MNIST_URL = "https://github.com/amplab/datascience-sp14/raw/master/lab7/mldata/mnist-original.mat"
MNIST_MAT = "/mnist-original.mat"

In [3]:
def load_MNIST_data(mnist_path=MNIST_PATH, mnist_mat=MNIST_MAT):
        mnist_raw = loadmat(mnist_path+mnist_mat)
        mnist = {"data": mnist_raw["data"].T,
                 "target": mnist_raw["label"][0],
                 "Col_names": ["target", "data"],
                 "DESCR": "mldata.org dataset: mnist-original",
                }
        print("Data Successfully extracted from mnist.mat!")
        return mnist
        
    
def get_MNIST_data(mnist_path=MNIST_PATH, mnist_url=MNIST_URL, mnist_mat=MNIST_MAT):
    
    print("Checking if directory exists...")
    if not os.path.isdir(mnist_path):
        os.makedirs(mnist_path)
        print("Creating directory")
    
    else: 
        print("Directory exists")
        
        #------------------------------------------------------------------
        #uncomment if connected to internet
        #try:
            #print("\nAttempting to get MNIST data from mldata.org ...")
            #mnist = fetch_mldata('MNIST original')
            #print("\nSuccess!")
            #return mnist
    
        #except urllib.error.HTTPError as ex:
            #print("\nCan't reach mldata.org, attempting alternative...")
            #print("Checking if mnist.mat file exists...")  
            
        #------------------------------------------------------------------
        #followig if, else should fall under 'except' 
            
        if os.path.isfile(mnist_path+mnist_mat):
            print("mnist.mat file does exists...")
            print("extracting data from mnist.mat...")
            
            mnist = load_MNIST_data(mnist_path, mnist_mat)
            print("\nSuccess!")
            return mnist
        
        else:
            print("mnist.mat file doesn't exists...")
            print("downloading mnist.mat file...")
            url_response = urllib.request.urlopen(mnist_url)
            
            print("\nCreating .mat file")
            with open(mnist_path+mnist_mat, "wb") as f:
                contents = url_response.read()
                f.write(contents)
            mnist = load_MNIST_data(mnist_path, mnist_mat)
            print("\nSuccess!")
            return mnist
            

# Exercises:
8. Exercise: Load the MNIST data and split it into a training set, a validation set, and a test set (e.g., use 50,000 instances for training, 10,000 for validation, and 10,000 for testing).

In [4]:
mnist = get_MNIST_data(MNIST_PATH, MNIST_URL, MNIST_MAT)
mnist            


Checking if directory exists...
Directory exists
mnist.mat file does exists...
extracting data from mnist.mat...
Data Successfully extracted from mnist.mat!

Success!


{'data': array([[0, 0, 0, ..., 0, 0, 0],
        [0, 0, 0, ..., 0, 0, 0],
        [0, 0, 0, ..., 0, 0, 0],
        ...,
        [0, 0, 0, ..., 0, 0, 0],
        [0, 0, 0, ..., 0, 0, 0],
        [0, 0, 0, ..., 0, 0, 0]], dtype=uint8),
 'target': array([0., 0., 0., ..., 9., 9., 9.]),
 'Col_names': ['target', 'data'],
 'DESCR': 'mldata.org dataset: mnist-original'}

In [5]:
X, y = mnist["data"], mnist["target"]
print("Shape of \"Data\": {}\nShape of \"target\": {}\n".format(X.shape,y.shape))

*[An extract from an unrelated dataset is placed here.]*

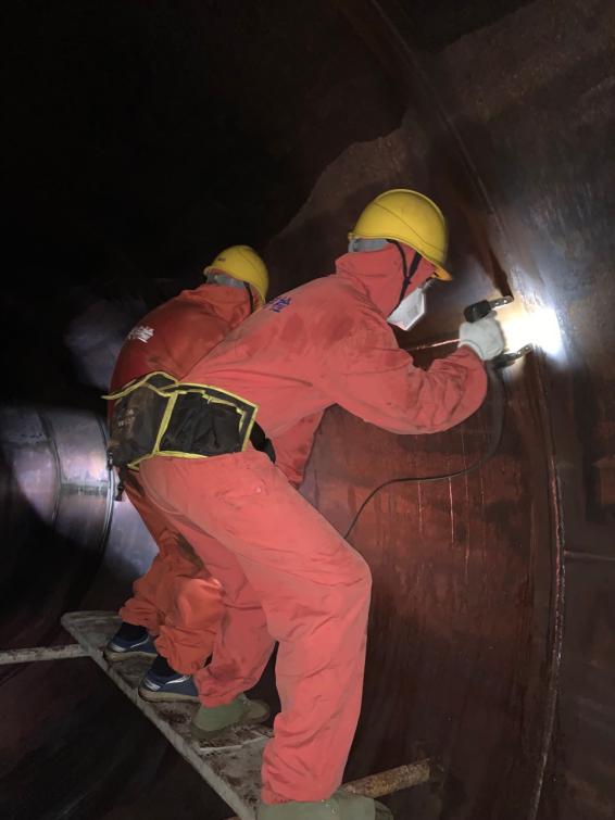 上午11:00,在绍兴凤登环保有限公司,市特检院5名检验人员正在对100m3大型液氨储罐进行定期检验。通过狭小的人孔,钻入密闭闷热的储罐,检验员们背着重重的检验仪器设备,在罐内进行着半蹲、侧卧等检测操作,对储罐进行内部宏观检测、壁厚测定、超声和磁粉等无损检测,绝不放过任何一个安全隐患。接下来,特检员们将陆续对该公司11台储罐进行开罐检验。
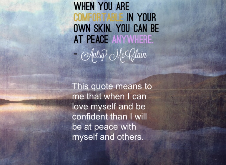 This quote means to me that when I can love myself and be confident than I will be at peace with myself and others.

Shape of "Data": (70000, 784)
Shape of "target": (70000,)



In [6]:
#MNIST is already split into train and test
X_train, X_test, y_train, y_test = X[:60000], X[60000:], y[:60000], y[60000:]


In [7]:
#Shuffle training set to guarentee cross-validation folds are similar.
shuffle_index = np.random.permutation(60000)
X_train, y_train = X_train[shuffle_index], y_train[shuffle_index]

In [8]:

from sklearn.model_selection import train_test_split

val_size = 10000

#Create validation
X_training, X_validation, y_training, y_validation = train_test_split(
    X_train, y_train, test_size=val_size, random_state=42)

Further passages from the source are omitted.